The output of each cycle is not a finished design but a clearer, smaller set of validated requirements. Observed large focus steps translate into a quantitative step size requirement; measured slip or hysteresis becomes a low-backlash or closed-loop requirement; and packaging size becomes a bus requirement. Only after these needs were evidenced did this paper converge the lanes and commit to a higher-fidelity, flight-like mechanism. In this way, the process systematically transforms early ambiguity into a design space bounded by facts rather than forecasts. Using lower-fidelity prototypes could complement traditional Stage-gate systems to inform early design gate decisions.
It is a particularly dynamic time to explore the design space in the NewSpace era. Lower costs and shorter development cycles are enabling new missions and technology to fly in space. “The increasing specialization of New Space studies opens up opportunities for complex space missions, including debris removal, satellite repair and refueling, and autonomous operations.” (Reference Ferrara, Cicconi, Minotti, Trovato and CaputoFerrara et al., 2025). It is therefore important to build design knowledge around effective, practical design methods in the new paradigm. Companies such as SpaceX conduct many flight and ground tests, losing vehicles in the process, to accelerate learning, echoing the early Apollo era but contrasting the risk-averse Old Space paradigm.
5. Conclusion
This paper shows that low-fidelity wayfaring can be an effective strategy for clearing the fuzzy front end of NewSpace hardware projects. By using process tracing across 23 low-fidelity prototypes for a CubeSat telescope focus mechanism, this study provides evidence of how deliberate fidelity management can support the emergence, refinement, and validation of requirements for complex space mechanisms.
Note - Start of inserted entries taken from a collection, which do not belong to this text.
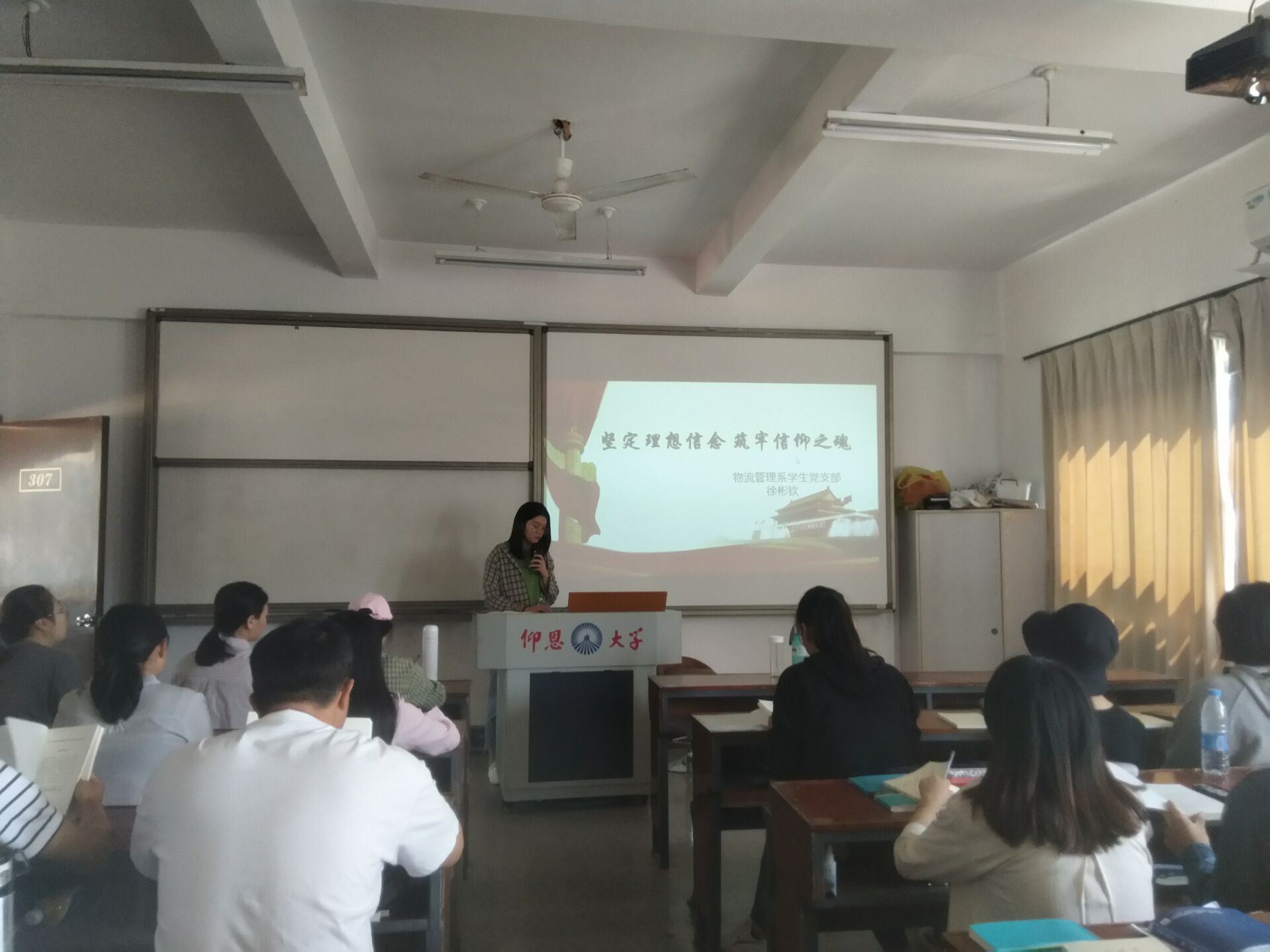 徐彬钦同志主持专题学习 活动伊始,徐彬钦同志介绍了理想信念的概念、内涵及特征,强调理想具有超越性、实践性、时代性;坚定正确的理想信念会激励人们为一定的社会理想和生活目标而不断努力追求。接着,支部成员在半个小时内对章节内容“坚定理想信念,始终是共产党人安身立命的根本”进行学习,而后由支部成员进行发言讨论,其中支部成员陈姗同志谈到:“我们要不忘初心,方得始终,只有理想信念坚定的人,才能始终不渝、百折不挠,不论风吹雨打,不怕千难万险,坚定不移的为实现既定目标而奋斗”。期间,大家还观看了有关“井岗山时代精神”的视频。最后,徐彬钦同志对学习活动进行总结,她提到作为一名大学生,要坚定科学信仰,追求远大理想,在为实现中国特色社会主义共同理想而奋斗的过程中实现个人理想。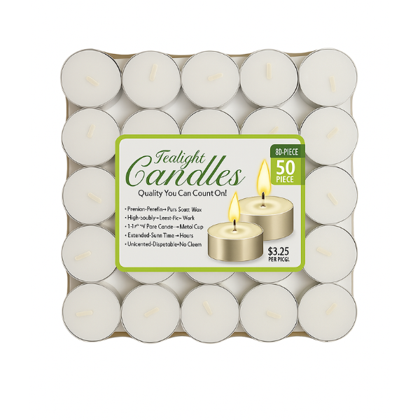 50-pack unscented white tealights (11g each). Long burn ~3.5 hours. Shrink-packed block ideal for retail or hospitality. Private label OEM available.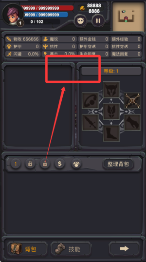 3、这是您的全属性面板,个人属性,金币,装备,背包功能集中,通关等等都是需要用到的。

The main contribution is to link concrete fidelity choices to specific learning outcomes: coarse prototypes to eliminate weak architectures and surface unknowns; intermediate prototypes to quantify critical metrics such as backlash and step size; and higher-fidelity prototypes to verify integration and optical performance. This moves rapid prototyping from a generic “enabler” in NewSpace to a structured, empirically grounded design approach. For practitioners, the case suggests that NewSpace teams can front-load learning by accepting many cheap, low-fidelity builds, especially when dealing with COTS-based payloads and co-evolving bus constraints. Rather than replacing traditional NASA/ECSS systems engineering, this approach complements it, as wayfaring is used to discover the right requirements, which can then be carried into a conventional verification and qualification flow. Future work should test this fidelity-aware wayfaring pattern across other mechanisms and missions to assess how widely it generalizes across the NewSpace domain.